Frequently asked questions

Which provision makes the Code of Criminal Procedure applicable to prohibition raids?

Section 117. After the 2017 amendment it directs that all investigations, arrests, detention in custody and searches under the Act be made in accordance with the CrPC, 1973, importing the safeguards of Sections 41, 42, 100, 165, 436 and 451 of the Code into every prohibition case.

Can a prohibition officer arrest without a warrant?

Yes. Section 126 permits arrest without warrant of any person found committing or reasonably suspected of an offence under the Act, and Section 127 permits arrest of a suspect who refuses to give his name and residence or gives a false one. These mirror Sections 41 and 42 CrPC and are read subject to those safeguards through Section 117.

Does an illegal search make the seized liquor inadmissible in evidence?

No.

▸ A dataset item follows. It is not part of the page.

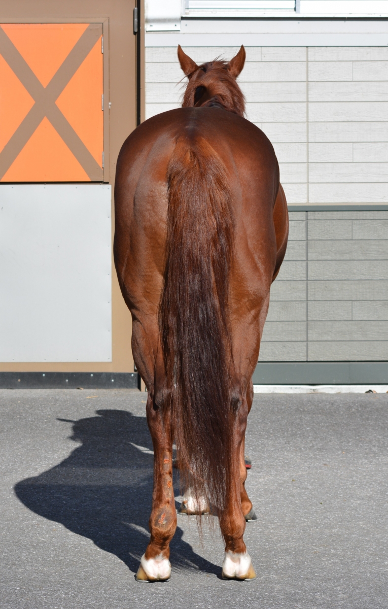 さすがに3勝クラスに入ると甘くはありませんが、それでも昇級初戦のなにわSでは0秒5差の5着。今年4月の陽春Sでは0秒3差の5着とクラス通用のメドを立てています。前走の安芸Sは9着に敗れていますが、約5カ月半ぶりの実戦でプラス16kgと少し馬体に余裕もあったのが影響した印象。レース中に後ろの馬に引っ掛けられて左トモに浅い外傷(添付の画像をご確認ください)も負っており、酌量の余地は十分にありそうです。
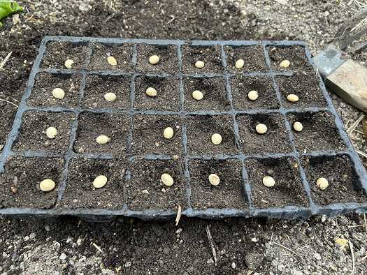 今年はインゲン、エダマメ等の豆類の発芽が悪く、インゲンは2株しか発芽しませんでした。やはり2株だけでは欲しい数だけ収穫が出来ないので、第2弾の種蒔きをすることにしました。種を購入しなければいけなかったのですが、自家採取した種が小屋から出てきたので、それを使うことに・・・。自家採取した種なので、無事に発芽するかは分かりませんが、取り敢えず蒔いてみないことには先に進めませんからね。特に大きな種を選んで蒔きました。

In Radha Kishan v. State of U.P., AIR 1963 SC 822, the Court held that even an illegal search does not vitiate the seizure, and in Pooran Mal v. Director of Inspection, (1974) 1 SCC 345, that relevant evidence is not excluded merely because it was illegally obtained. The court only scrutinises such evidence with greater care.

How should the owner of a seized vehicle seek its release?

By approaching the criminal court under Section 451 CrPC, not the High Court under Articles 226/227. In Khengarbhai Lakhabhai Dambhala v. State of Gujarat, 2024 INSC 285, the Supreme Court dismissed a writ for release of a truck carrying 1240.2 litres of liquor, holding that custody of seized property is for the criminal court while confiscation follows the Act's own machinery read with Section 132.

What must the prosecution prove for the offence of consumption after arrest?

Scientific proof of intoxication. In Bachubhai Hassanalli Karyani v. State of Maharashtra, (1971) 3 SCC 930, the Supreme Court held that drunkenness is not conclusively proved by smell of liquor, unsteady gait or slurred speech; a blood or urine test is required to establish consumption beyond reasonable doubt.

What happens to articles seized during a prohibition raid?

Under Section 132, articles required as evidence are produced before the magistrate, while contraband liable to confiscation but not needed as evidence may be forwarded to the Collector for confiscation proceedings. Section 130 requires arrested persons and seized articles to be sent without delay to the officer in charge of the nearest police station to preserve the chain of custody.